Apache Flume. Regex extractor with multiplexing channel selector


I have following Flume config for grabbing server logs entries with particular numerical value and pushing them to corresponding kafka topics.

# Name the components on this agent
a1.sources = r1
a1.channels = c2 c3

# Describe/configure the source
a1.sources.r1.type = spooldir 
a1.sources.r1.spoolDir = /home/user/spoolFlume
a1.sources.r1.fileSuffix = .DONE
a1.sources.r1.basenameHeader = true
a1.sources.r1.deserializer.maxLineLength = 8192

a1.sources.r1.interceptors = i1 
a1.sources.r1.interceptors.i1.type = regex_extractor
a1.sources.r1.interceptors.i1.regex = (2725391)
a1.sources.r1.interceptors.i1.serializers = id 
a1.sources.r1.interceptors.i1.serializers.id.name = project_id
a1.sources.r1.selector.type = multiplexing
a1.sources.r1.selector.header = project_id 
a1.sources.r1.selector.mapping.2725391 = c3
a1.sources.r1.selector.default = c2


a1.channels.c2.type = org.apache.flume.channel.kafka.KafkaChannel
a1.channels.c2.brokerList=kafka10.profile:9092,kafka11.profile:9092,kafka12.profile:9092
a1.channels.c2.topic = flume_test_002
a1.channels.c2.zookeeperConnect = kafka10.profile:2181,kafka11.profile:2181,kafka12.profile:2181
#default = true
a1.channels.c2.parseAsFlumeEvent = true

a1.channels.c3.type = org.apache.flume.channel.kafka.KafkaChannel                                       
a1.channels.c3.brokerList = kafka10.profile:9092,kafka11.profile:9092,kafka12.profile:9092
a1.channels.c3.topic = flume_test_003
a1.channels.c3.zookeeperConnect = kafka10.profile:2181,kafka11.profile:2181,kafka12.profile:2181
a1.channels.c3.parseAsFlumeEvent = true

# Bind the source and sink to the channel
a1.sources.r1.channels = c2 c3

I did some test with more complicated regexp and all looks good with cat | grep -E <regexp>, but when I'm trying to use it in Flume config not all entries are captured.

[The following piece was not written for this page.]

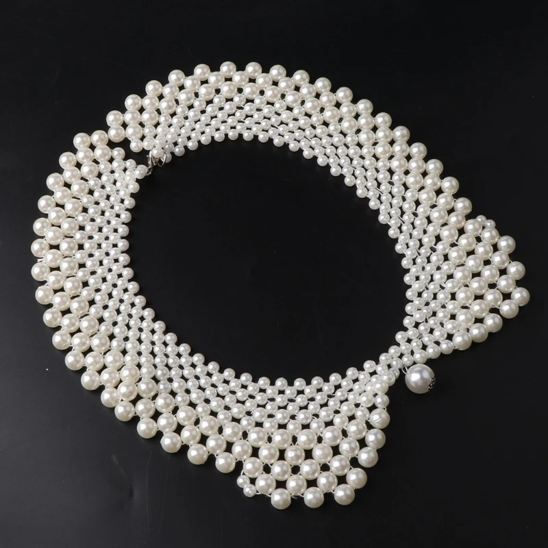 Тканая шаль ручной работы с бисером, многослойная имитация жемчуга, ювелирный дизайн, с большим кулоном из искусственного жемчуга в центре.
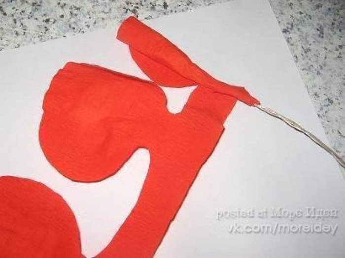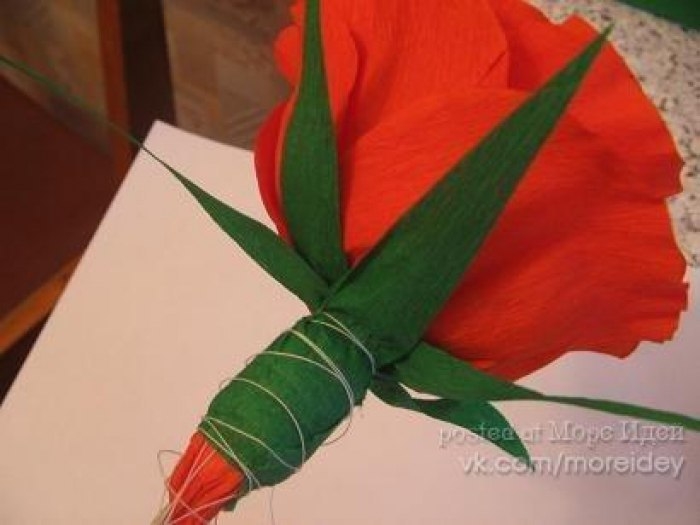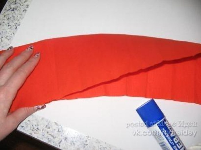 Роза из гофрированной бумаги: мастер-классЭта лента дополнена полупрозрачной лентой, благодаря чему выглядит более презентабельно.

Now I use one word regexp, but even with that not all entries are captured i.e not all 'right' entries go to kafka topic (for example I have 2 strings with '2725391' in log, but after processing I can see only one entry in kafka).

Seems something is wrong with Flume config. Any suggestions would be very appreciated.

Update 2. Even more - when I'm using short files (less then 100 strings) for parsing all works good. With files about 2GB I have missed entries.

Update 3. I found the way to parse all entries.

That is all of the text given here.